Don’t worry about me – by the time Boris and Michael get around to reintroducing workhouses, debtors’ prisons, ducking stools and concentration camps, I’ll most likely be six feet under, having succumbed to that dynamic double act Atrial Fibrillation and Dilated Cardiomyopathy, immediately prior to which I’ll be wondering whether the whole of life hasn’t been a waste, with everything that I was brought up at home and in school and university to believe was the right way of doing things having apparently been sneeringly smashed to pieces by dopey goofheads. And no, you don’t just carry on as before; in history and especially in Britain, that has never worked. You have to change things. Things including the stupid perception of “experts” or intelligent people generally as Walter the Softie-type easy targets. But who cares? Logic and reason have been drowned out by the loud shouts of squeaky wheels demanding their oil. A facility with words is nothing against a “saucy” YouTube vlogger. Nobody wants to publish books any more, just Celebrity Bonking Garden Nightmares. Nobody wants even to read any more, not when they can look at gaudily-coloured pictures, like cats playing with balls of wool. Dennis the Menace won.

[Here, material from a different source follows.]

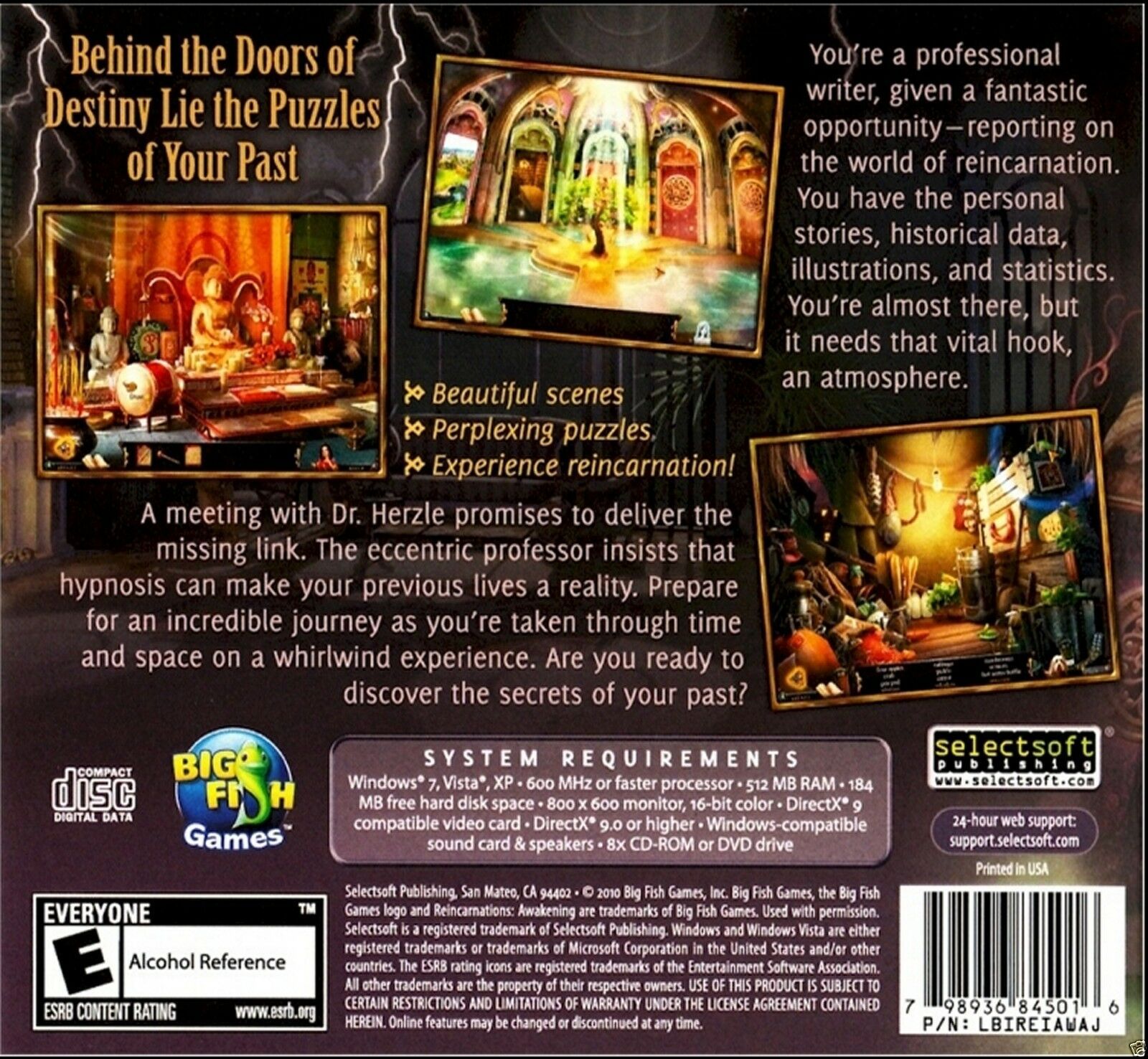 BIG FISH GAMES: REINCARNATIONS: AWAKENING. BRAND NEW. SHIPS FAST and SHIPS FREE!

You may reasonably wonder what any of this has to do with the Three Tenors. Speaking as someone whose idea of “the Three Tenors,” then and now, involved Sonny Rollins, Pharaoh Sanders and Archie Shepp, what I’m trying to put across is that this record goes back, quite deliberately, to the sort of world to which Britain has unaccountably returned today. A world where caps are doffed, ration books are adhered to, authority is unquestionably obeyed and teenagers don’t exist, except as Mini-Me versions of their parents. It’s not a world in which I feel comfortable living, and it is ironic that a quarter of a century down the line, it should take an enterprise like this – which never really would have happened without the European Union – to remind us of what we are suddenly so eager to forget.

2 comments:

Johnny Rooke said...

Thank you, Marcello, that was marvellous and spot-on.

David Ellis said...

We are living in horrible times. I live in Wales and cannot believe that my country voted by a majority to leave. Your analysis is tragically correct.